That is an incredibly important point and it goes to the question that I was about to ask my noble friend. My reading of it is that it will not be possible for us to make reciprocal healthcare arrangements that involve the flow of data with another country unless we deem that country to be adequately complying with the GDPR. That is absolutely right and it is a high bar. It does not just provide a degree of regulatory compliance and standardisation; there are also international healthcare codes that underpin it, as the noble Baroness will know. It would be useful if my noble friend could confirm that, because it is clearly a really important point that will, in a sense, allay some of the fears that have been raised tonight about just how the powers in the Bill, once they extend beyond the European Union, Switzerland, the EEA and so on, might be used.
9.45 pm
Amendment 22, in the name of the noble Lord, Lord Patel, wants to insert “related to health” after “data”. Of course, it is completely understandable
why he would want that. It becomes slightly problematic because there are certain pieces of information that one would need about a person to reclaim information, or to have an exchange of funding for reciprocal arrangements, that do not necessarily relate to their health. Examples might be their name—that does not relate to their health—or the time they were in a country, to verify the fact that they are who they say they are and so can make a claim. I think that this kind of latitude is covered in the GDPR and that that provides the reassurance that this will not be misused, because we would not be able to strike an agreement with a country that was not applying the same standards to healthcare data—but there is a need for some non-health data to be processed as part of a reciprocal healthcare arrangement. That is why the broader definition is used. Another example might be the names of family members for a child—again to verify a claim.

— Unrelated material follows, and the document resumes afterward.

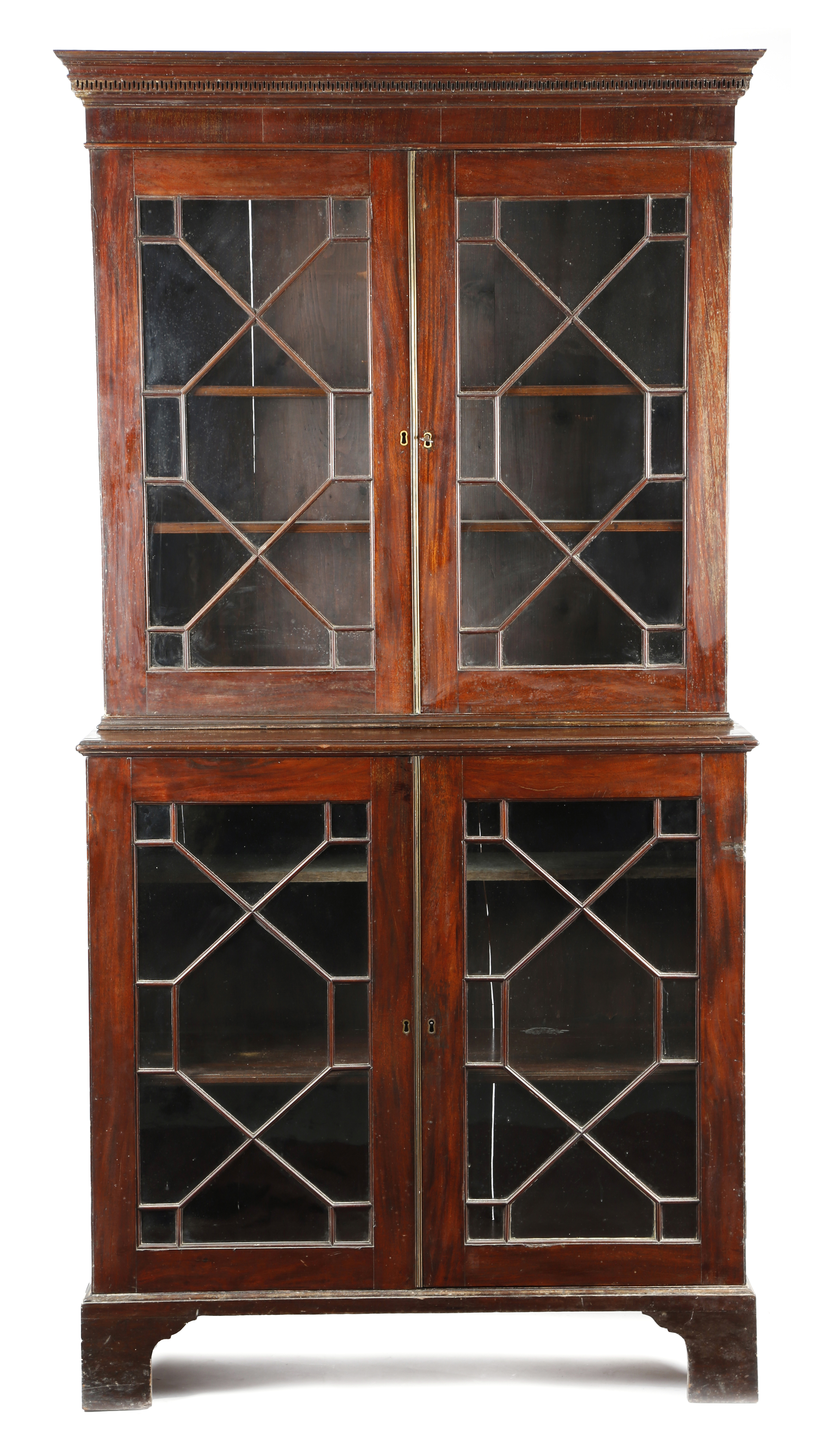 A George III mahogany bookcase, the Greek key cornice above a pair of astragal glazed doors, enclosing two adjustable shelves, above a conforming base, on bracket feet, 215.2cm high, 112cm wide, 45cm deep.

The final element I want to speak to is that of non-NHS providers. This is rather important, because a number of non-NHS providers provide healthcare on behalf of the health system. It is not just the obvious ones that have been mentioned—I include GPs in that. It might also be private bodies carrying out NHS-funded care. A lot of diagnostic care is carried out by third parties. It might also cover providers of healthcare IT that records data. If we think of such systems as TTP, Cerner, Epic and so on that are used in hospitals, we would clearly want those bodies to be legally able to share that information. Of course, it needs to be connected with the healthcare purpose, but it is important that the Bill allows for that kind of latitude in a variety of ways, as I said. We must be absolutely clear—that is what I am seeking from my noble friend—that because of GDPR, because of the need and demand for adequacy on behalf of another country, a reciprocal partner, we would not be entering into the kind of arrangements that would bring the kinds of concerns that the public and, indeed, parliamentarians would have.